■ Extracted entries
· · · ·

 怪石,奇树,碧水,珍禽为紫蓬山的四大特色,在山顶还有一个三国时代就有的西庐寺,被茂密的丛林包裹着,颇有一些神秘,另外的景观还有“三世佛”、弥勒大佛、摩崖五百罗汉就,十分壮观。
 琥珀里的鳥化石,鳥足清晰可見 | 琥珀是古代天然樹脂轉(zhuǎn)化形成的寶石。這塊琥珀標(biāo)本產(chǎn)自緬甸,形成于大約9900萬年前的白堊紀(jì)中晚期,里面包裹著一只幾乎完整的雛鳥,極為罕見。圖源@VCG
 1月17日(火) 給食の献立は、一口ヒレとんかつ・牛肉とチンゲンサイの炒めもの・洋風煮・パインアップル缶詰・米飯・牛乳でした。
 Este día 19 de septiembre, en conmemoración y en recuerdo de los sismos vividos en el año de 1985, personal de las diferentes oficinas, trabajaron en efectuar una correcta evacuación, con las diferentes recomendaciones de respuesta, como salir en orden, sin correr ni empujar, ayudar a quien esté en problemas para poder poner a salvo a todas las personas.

· · · ·

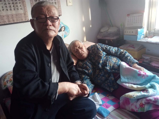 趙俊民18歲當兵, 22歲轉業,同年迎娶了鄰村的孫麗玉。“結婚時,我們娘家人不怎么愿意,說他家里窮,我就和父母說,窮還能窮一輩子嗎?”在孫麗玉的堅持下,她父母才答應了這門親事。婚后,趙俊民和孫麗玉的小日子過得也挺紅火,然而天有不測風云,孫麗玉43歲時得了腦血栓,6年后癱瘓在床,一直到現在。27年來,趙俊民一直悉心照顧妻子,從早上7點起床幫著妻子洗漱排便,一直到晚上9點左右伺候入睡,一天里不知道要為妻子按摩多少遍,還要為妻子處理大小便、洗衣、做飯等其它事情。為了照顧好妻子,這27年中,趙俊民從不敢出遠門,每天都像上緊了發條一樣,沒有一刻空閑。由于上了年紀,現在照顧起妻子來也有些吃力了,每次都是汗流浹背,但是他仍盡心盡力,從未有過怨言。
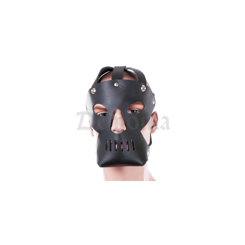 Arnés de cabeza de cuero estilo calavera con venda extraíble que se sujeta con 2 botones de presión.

· · · ·

■ Instructions to follow
Copy the lines of the data above exactly as written, beginning with the line containing "怪石,奇树,碧水,珍禽为紫蓬" and ending with the line containing "Este día 19", and leave out all other lines.

■ Result of the exercise
 怪石,奇树,碧水,珍禽为紫蓬山的四大特色,在山顶还有一个三国时代就有的西庐寺,被茂密的丛林包裹着,颇有一些神秘,另外的景观还有“三世佛”、弥勒大佛、摩崖五百罗汉就,十分壮观。
 琥珀里的鳥化石,鳥足清晰可見 | 琥珀是古代天然樹脂轉(zhuǎn)化形成的寶石。這塊琥珀標(biāo)本產(chǎn)自緬甸,形成于大約9900萬年前的白堊紀(jì)中晚期,里面包裹著一只幾乎完整的雛鳥,極為罕見。圖源@VCG
 1月17日(火) 給食の献立は、一口ヒレとんかつ・牛肉とチンゲンサイの炒めもの・洋風煮・パインアップル缶詰・米飯・牛乳でした。
 Este día 19 de septiembre, en conmemoración y en recuerdo de los sismos vividos en el año de 1985, personal de las diferentes oficinas, trabajaron en efectuar una correcta evacuación, con las diferentes recomendaciones de respuesta, como salir en orden, sin correr ni empujar, ayudar a quien esté en problemas para poder poner a salvo a todas las personas.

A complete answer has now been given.